Inherent in Defendant’s claim is that his statements were involuntary, and thus his confession and the fruits of his cooperation with the police should be suppressed. The voluntariness of a confession and the validity of a waiver are decided “in light of the totality of the circumstances.” Procunier v. Atchley, 400 U.S. 446, 453 (1971) (voluntariness); North Carolina v. Butler, 441 U.S. 369, 374-375 (1979) (waiver). Relevant factors that courts have considered include promises or other inducements, the defendant’s age; education; intelligence and emotional stability; his physical and mental condition; and the details of the interrogation, including its length, intensity, and any degree of trickery or deceit on the part of the interrogators. United States v. Hughes, 640 F.3d 428, 438 (1 st
Cir. 2011); United States v. Jacques, 744 F.3d 804, 809 (1 st
Cir. 2014) (internal citation omitted). Assessing the voluntariness of a confession requires examining the totality of the circumstances, balancing “the officer’s
tactics with the unique background of each individual suspect,” to determine “whether the government’s conduct overtook the will of the defendant.” United States v. Hufstetler, 782 F.3d 19, 22 (1 st
Cir. 2015). “Only confessions procured by coercive official tactics should be excluded as involuntary.” United States v. Boskic, 545 F.3d 69, 78 (1 st
Cir. 2008) (internal quotation marks and alteration omitted); see also Bryant v. Vose, 785 F.2d 364, 368 (1 st
Cir. 1986) (finding a confession voluntary where it was not “the product of coercion or other improper tactics.”). The more familiar or neutral the setting of the interview, the less likely it will be deemed to have a coercive overtone, as is usually the case when questioning takes place in a suspect’s own home. See Beckwith v. United States, 425 U.S. 341, 347, 96 S.Ct. 1612 (1976). The tone of the interrogation may also figure in the determination of whether the setting was custodial. See id. at 343, 96 S.Ct. 1612 (conversation was “friendly,” “relaxed,” and “[un]press[ing]”); United States v. Leyva, 659 F.2d 118, 120 (9th Cir.1981) (questioning was “low- key”).

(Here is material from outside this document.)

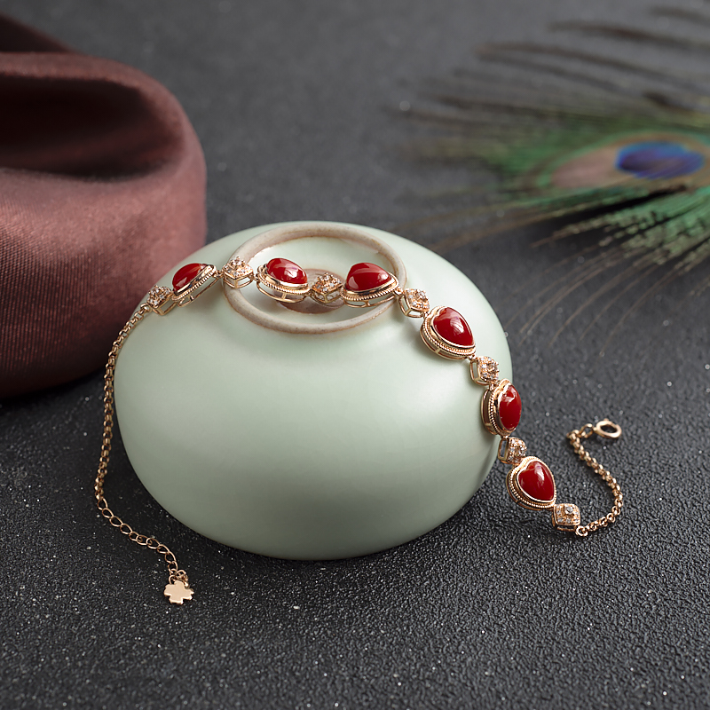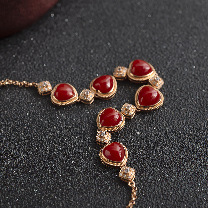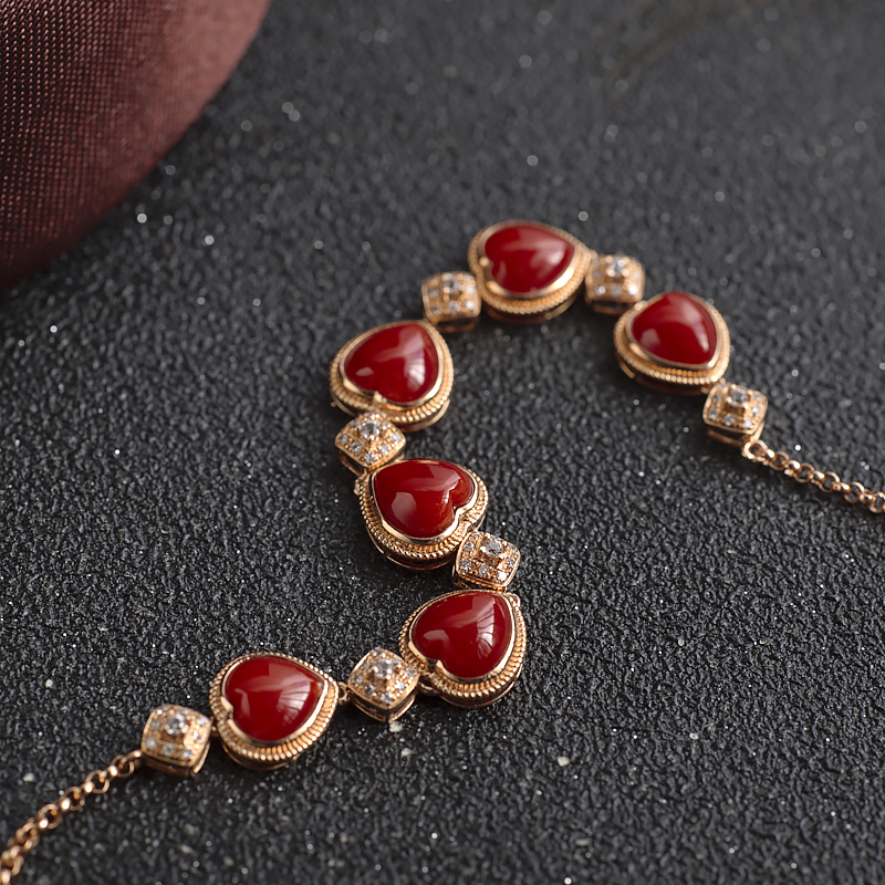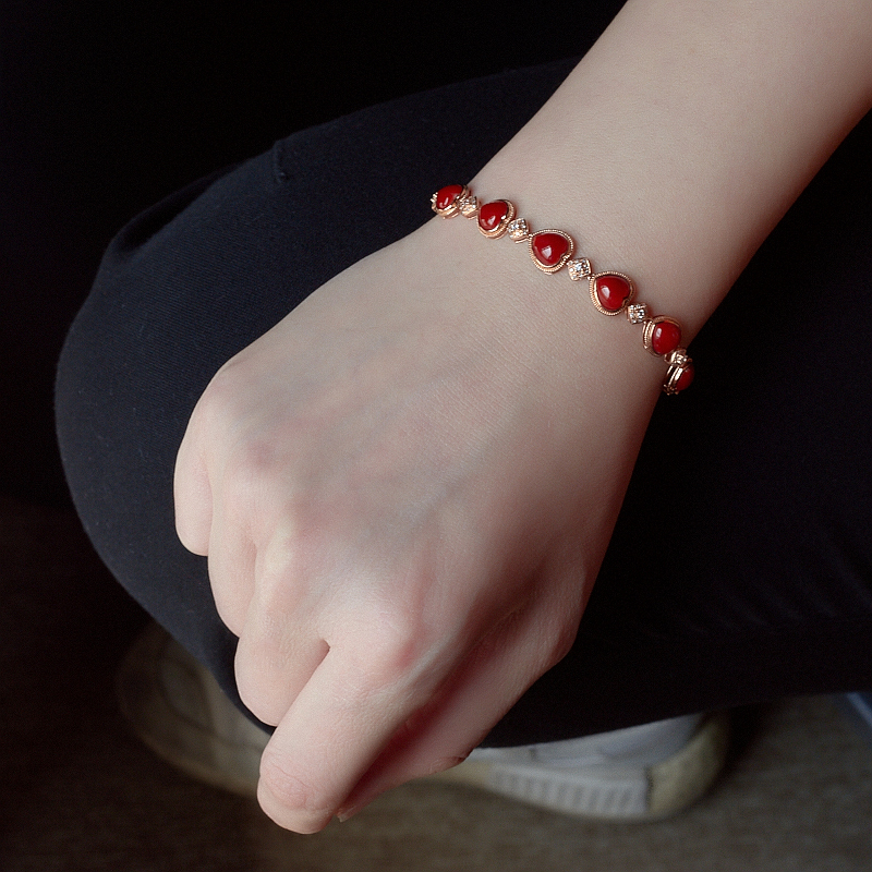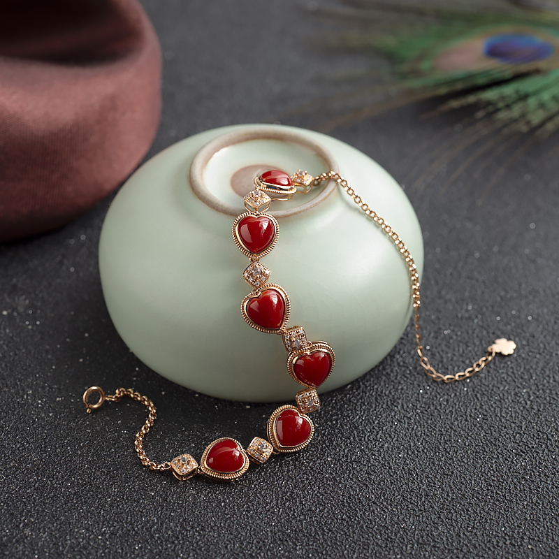 • [名  称] 18K阿卡牛血红珊瑚心形手链

Here, the Defendant was experienced in legal proceedings, followed the line of questioning and gave clear and responsive answers. The Defendant also answered all the agents’ questions coherently and without difficulty. These characteristics of the interview indicate that Defendant was able to understand the proceedings against him and voluntarily relinquish his rights. Search Warrant
The Fourth Amendment, which protects individuals against unreasonable government searches and seizures, provides that “no Warrants shall issue, but upon probable cause.” U.S. Const. amend. IV. A warrant is based on probable cause when “the affidavit upon which a warrant is founded demonstrates in some trustworthy fashion the likelihood that an offense has
been committed and that there is sound reason to believe that a particular search will turn up evidence of it.” United States v. Aguirre , 839 F.2d 854, 857-858 (1 st
Cir. 1988). Probable cause means “reasonable cause,” something significantly less exacting than “more likely than not” or “by a preponderance of the evidence.” United States v. Melvin, 596 F.2d 492, 495 (1 st
Cir. 1979). “The standard of probable cause is the probability, not a prima facie showing, of criminal activity.” United States v. Ciampa, 793 F.2d 19, 22 (1 st
Cir. 1986); see also Safford v. Unified Sch. Dist. of Redding, 557 U.S. 364, 371 (2009).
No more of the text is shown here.